(30-July, 2012) Rochester likes to improvise

Event Date: 
Mon, 07/30/2012

Joe Natalzia and story writer Melissa Balmain improvise a scene at The Space at the Hungerford Building.

One recent night on East Main Street, I mushed a team of talking sled dogs. I sprayed Silly String at a few dozen people, got experimented on by a mad scientist and urged a troubled young man to gulp fistfuls of pills and wash them down with Red Bull.

My husband wasn’t a bit surprised to hear it. “Sounds great, hon,” he mumbled, then turned back to his pillow. It was 1 a.m., after all.

How, I began to wonder, had life come to this? Not just for me, but for scores of other Rochesterians who can’t get enough of doing comedy improvisation? Thirteen years ago, our city had no improv to speak of. Now, at least 20 troupes — large and small — perform so often that on many weekends, seven or eight shows are in full swing.

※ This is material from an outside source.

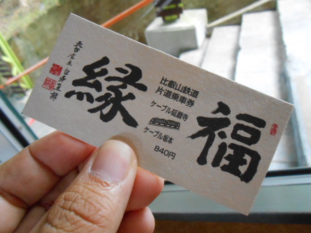 切符の題字は天台座主…延暦寺の一番偉いお坊さんの筆によるものです。

Among us improvisers are scientists and schoolteachers, engineers and financiers, housewives, programmers, students, therapists.

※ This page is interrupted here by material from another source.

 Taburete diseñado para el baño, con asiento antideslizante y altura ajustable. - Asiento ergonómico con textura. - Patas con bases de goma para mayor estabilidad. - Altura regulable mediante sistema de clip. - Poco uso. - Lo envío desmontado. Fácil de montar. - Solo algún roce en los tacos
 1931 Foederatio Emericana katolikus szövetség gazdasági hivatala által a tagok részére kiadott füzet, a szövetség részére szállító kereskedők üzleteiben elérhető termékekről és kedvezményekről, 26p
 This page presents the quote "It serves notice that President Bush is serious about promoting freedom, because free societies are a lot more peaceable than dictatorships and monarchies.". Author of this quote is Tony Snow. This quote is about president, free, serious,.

How did improv comedy grow so much? To an extent, Rochester is just one of many cities to get hooked.

In 1998, the U.S. version of a British improv show called Whose Line Is It Anyway? began the first of eight seasons. Suddenly, millions of Americans were discovering an art form that had been little known outside major cities. And they loved it. Here were actors getting prompts from the studio audience or from the host, and creating hilarious scenes and songs on the spot. No time to confer. No time to rehearse. It looked like tons of fun — and hams all over the country wanted in.

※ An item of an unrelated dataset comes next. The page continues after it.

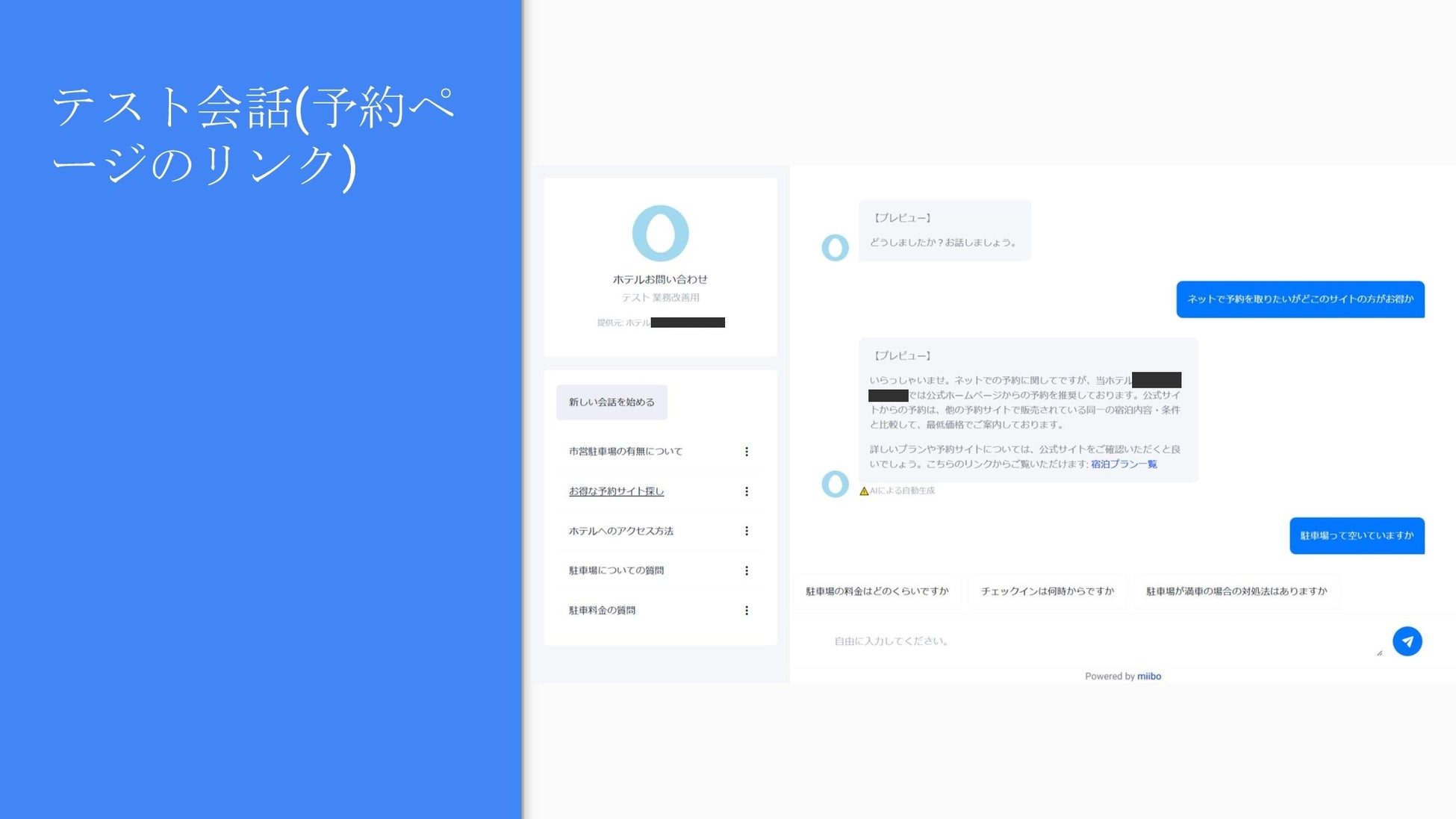 フロントへの問い合わせ対応の自動化と顧客体験の向上にフォーカス。メールでの問い合わせ対応によってひっ迫するホテルのフロント業務の工数削減を目的として、ナレッジで学習させたAIを用いて問い合わせ対応数を削減すると同時に、顧客目線でのレスポンス速度を向上。

Cue a mushrooming of improv classes and troupes, from Amarillo, Texas, to Zanesville, Ohio. Some specialized in so-called “short form” — funny, unrelated scenes like those on Whose Line. Others focused on “long form,” which typically involves interwoven scenes, some of which lay the groundwork for later laughs rather than being a hoot in and of themselves.

Still, not every city got the jones for improv. And many places — Buffalo and Syracuse, for instance — have less improv for their size than Rochester. So why here? For one thing, improvisers say, it helps to be in an artsy town.